Provided data:

━━━━

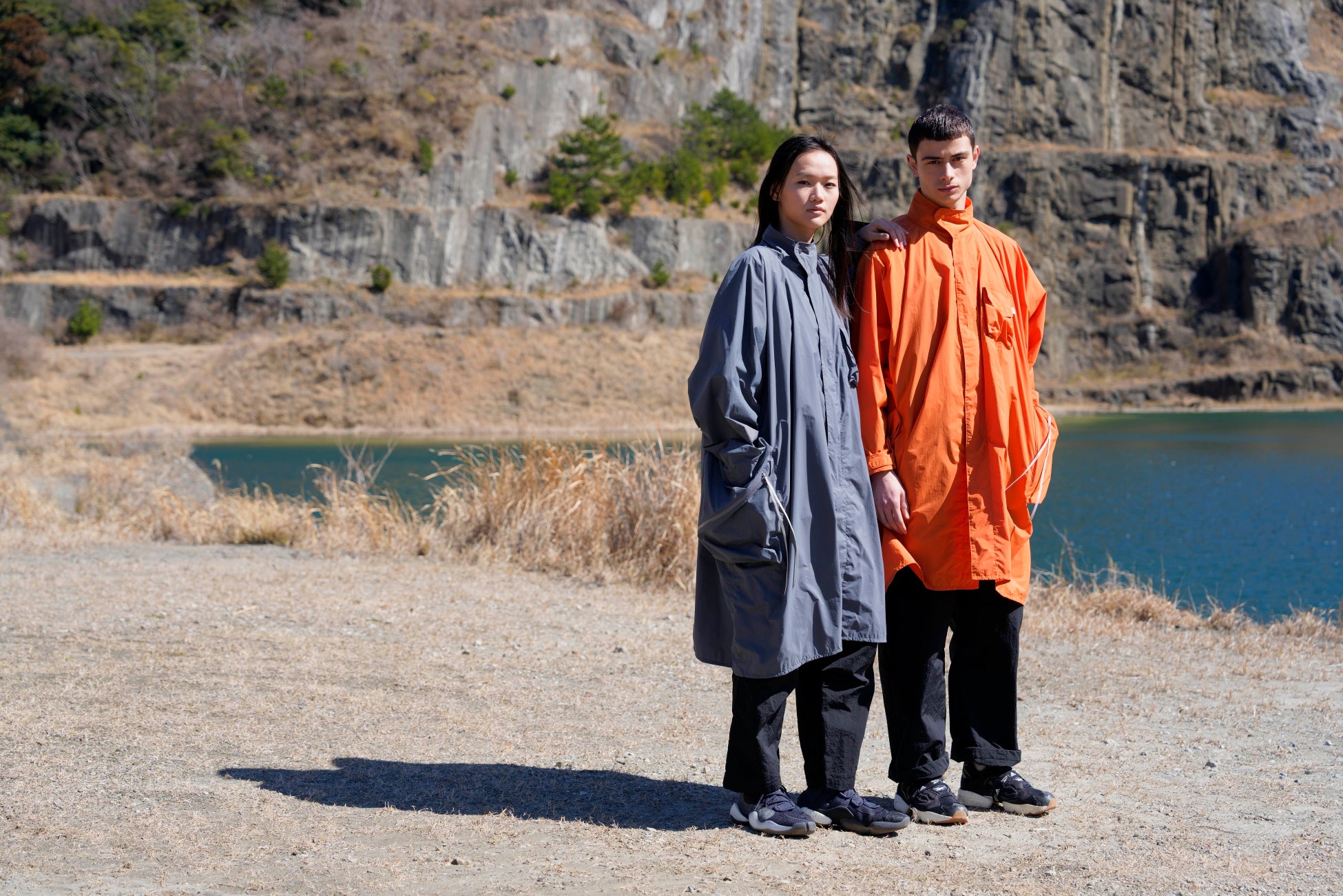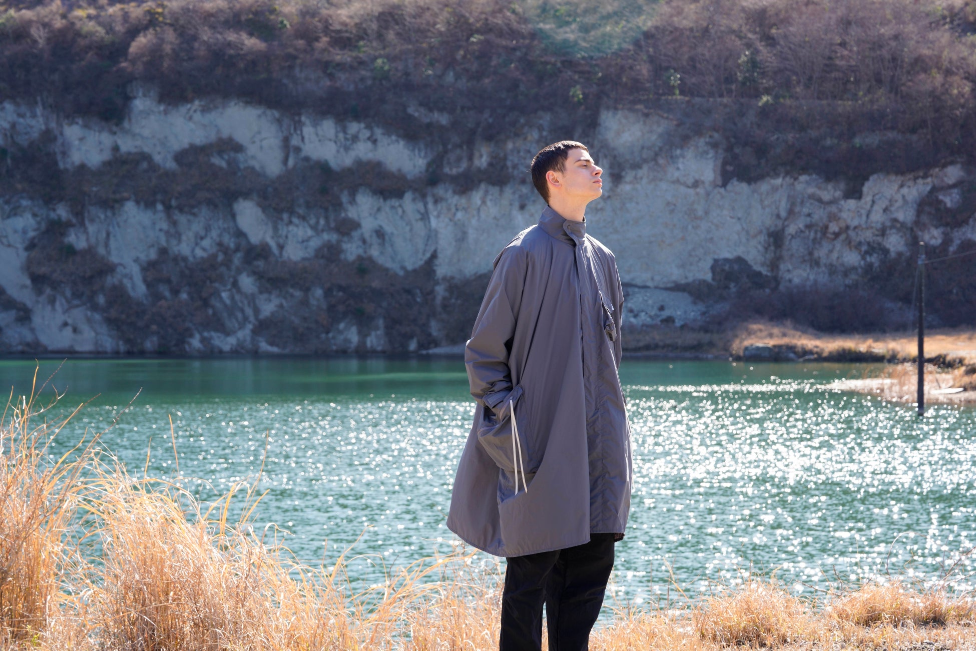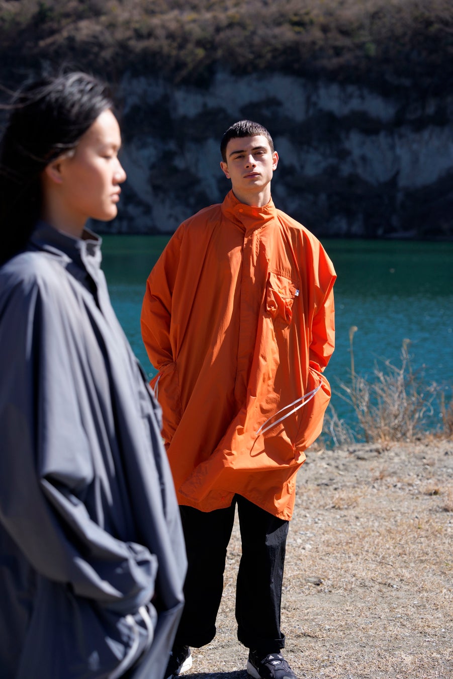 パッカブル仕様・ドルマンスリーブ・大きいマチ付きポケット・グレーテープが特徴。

━━━━

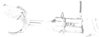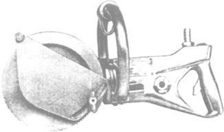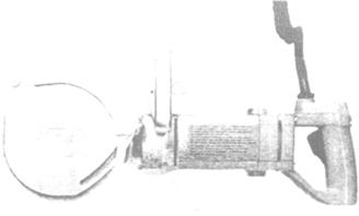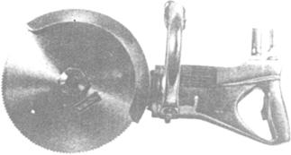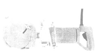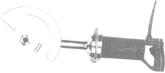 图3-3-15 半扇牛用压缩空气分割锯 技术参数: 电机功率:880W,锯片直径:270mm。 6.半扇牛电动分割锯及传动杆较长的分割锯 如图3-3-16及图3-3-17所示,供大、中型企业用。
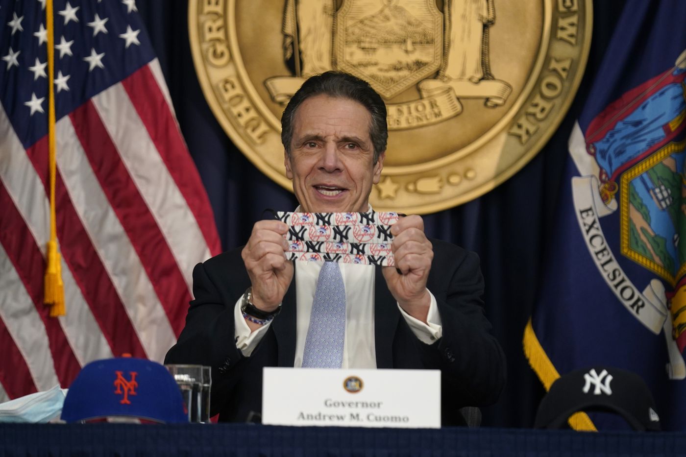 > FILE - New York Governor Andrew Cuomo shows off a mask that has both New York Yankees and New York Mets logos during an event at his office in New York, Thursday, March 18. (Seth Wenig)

━━━━

Assignment:
The data above holds the lines to copy: start at the one with "图3-3-15 半扇牛用压缩空气分割锯 技术参数: 电机功率:880W,锯片直径:270mm。", stop at the one with "18. (Seth Wenig)", include both, copy them exactly without pictures, and copy nothing else.

Finished task:
 图3-3-15 半扇牛用压缩空气分割锯 技术参数: 电机功率:880W,锯片直径:270mm。 6.半扇牛电动分割锯及传动杆较长的分割锯 如图3-3-16及图3-3-17所示,供大、中型企业用。
 > FILE - New York Governor Andrew Cuomo shows off a mask that has both New York Yankees and New York Mets logos during an event at his office in New York, Thursday, March 18. (Seth Wenig)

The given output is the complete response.